Network Services Manager Develops Superhero-like Abilities

Mark Newman boasts greater power and speed and can quickly and accurately identify issues others can’t

A few months ago, Mark Newman, Network Services Manager with Open Solutions Canada noticed some strange things happening in the office. While he continued to oversee the handling of more than 75 million transactions per year via various real-time EFT channels on a 24x7 basis, there was a remarkable difference in how this occurred. He was no longer buried under lots of data or having to pull others off projects to help provide him detailed information. He could now see things others couldn’t and managed to fix problems before anyone was even aware there was a dilemma. It was if he had super speed and enhanced senses and could do the work of many all by himself.

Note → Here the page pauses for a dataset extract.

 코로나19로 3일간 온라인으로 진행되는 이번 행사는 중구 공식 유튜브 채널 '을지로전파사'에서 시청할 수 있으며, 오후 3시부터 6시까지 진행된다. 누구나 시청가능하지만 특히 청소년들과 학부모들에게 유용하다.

Some colleagues wondered if he’d been subject to the same fate as a young Peter Parker, who was bitten by a radioactive spider during a science demonstration, thereby gaining super abilities and becoming best known as Spiderman.

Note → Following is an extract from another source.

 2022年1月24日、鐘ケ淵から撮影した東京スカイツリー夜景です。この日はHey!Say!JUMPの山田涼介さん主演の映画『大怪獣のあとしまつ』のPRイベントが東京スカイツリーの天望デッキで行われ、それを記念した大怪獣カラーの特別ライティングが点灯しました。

Coincidentally, a few weeks earlier he installed the beta version of INETCO Insight™ 4.5.

So, is it a spider bite or INETCO Insight? For the inside story, read the following Q&A with Mark Newman.

Historically, how did you pull together all your transaction information in a single place?

The short answer is that we didn’t. We couldn’t. Each interface is unique, and logs data in its own files and format, on its own server. Several interfaces might share one gateway and server, thus providing common time-stamps, but between gateways and servers time-stamps could drift making correlation of events more complex.

If for some reason a compiled event log was required, that would be a manual process undertaken by a Programmer.

What were the main challenges in this approach?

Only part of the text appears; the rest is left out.